▶ [MATERIAL FOR THIS EXERCISE]
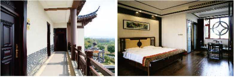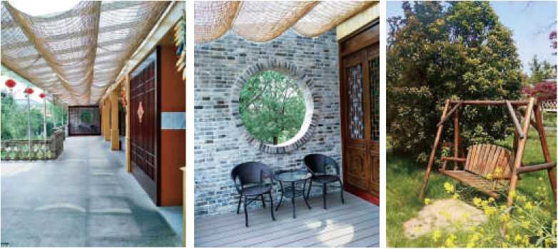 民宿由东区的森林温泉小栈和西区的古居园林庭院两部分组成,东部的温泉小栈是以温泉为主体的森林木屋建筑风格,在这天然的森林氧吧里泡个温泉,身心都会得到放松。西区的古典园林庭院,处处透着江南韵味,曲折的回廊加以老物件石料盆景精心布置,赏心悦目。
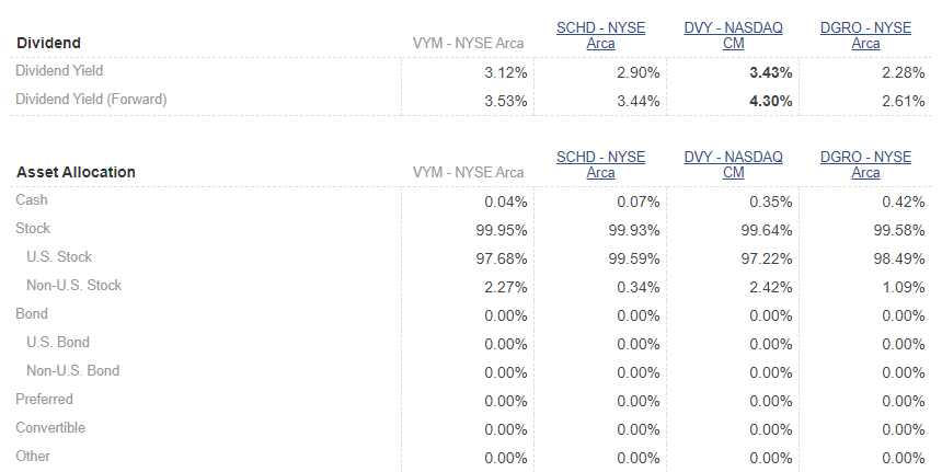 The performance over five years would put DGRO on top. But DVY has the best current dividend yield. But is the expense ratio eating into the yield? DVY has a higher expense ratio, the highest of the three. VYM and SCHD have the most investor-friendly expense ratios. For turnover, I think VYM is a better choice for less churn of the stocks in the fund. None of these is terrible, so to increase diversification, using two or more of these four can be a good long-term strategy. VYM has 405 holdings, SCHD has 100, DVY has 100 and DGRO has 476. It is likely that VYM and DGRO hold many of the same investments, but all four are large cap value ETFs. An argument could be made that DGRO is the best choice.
--
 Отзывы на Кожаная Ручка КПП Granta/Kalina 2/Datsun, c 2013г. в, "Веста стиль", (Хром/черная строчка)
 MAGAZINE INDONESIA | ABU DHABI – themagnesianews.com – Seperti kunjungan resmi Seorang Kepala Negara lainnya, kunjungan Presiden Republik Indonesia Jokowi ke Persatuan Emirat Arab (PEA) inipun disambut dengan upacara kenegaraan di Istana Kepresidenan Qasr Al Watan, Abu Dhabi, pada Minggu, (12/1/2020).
--
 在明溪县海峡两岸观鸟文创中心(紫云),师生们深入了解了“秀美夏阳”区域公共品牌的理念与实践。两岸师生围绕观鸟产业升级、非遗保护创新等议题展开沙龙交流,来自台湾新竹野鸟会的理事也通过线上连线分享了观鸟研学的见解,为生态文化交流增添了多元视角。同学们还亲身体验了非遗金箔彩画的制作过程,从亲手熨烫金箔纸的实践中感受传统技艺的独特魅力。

▶ [WHAT TO DO]
Take the line above containing "Отзывы на Кожаная", the line containing "MAGAZINE INDONESIA |", and all lines in between, and copy them exactly without anything else.

▶ [ANSWER FOR THE TASK]
 Отзывы на Кожаная Ручка КПП Granta/Kalina 2/Datsun, c 2013г. в, "Веста стиль", (Хром/черная строчка)
 MAGAZINE INDONESIA | ABU DHABI – themagnesianews.com – Seperti kunjungan resmi Seorang Kepala Negara lainnya, kunjungan Presiden Republik Indonesia Jokowi ke Persatuan Emirat Arab (PEA) inipun disambut dengan upacara kenegaraan di Istana Kepresidenan Qasr Al Watan, Abu Dhabi, pada Minggu, (12/1/2020).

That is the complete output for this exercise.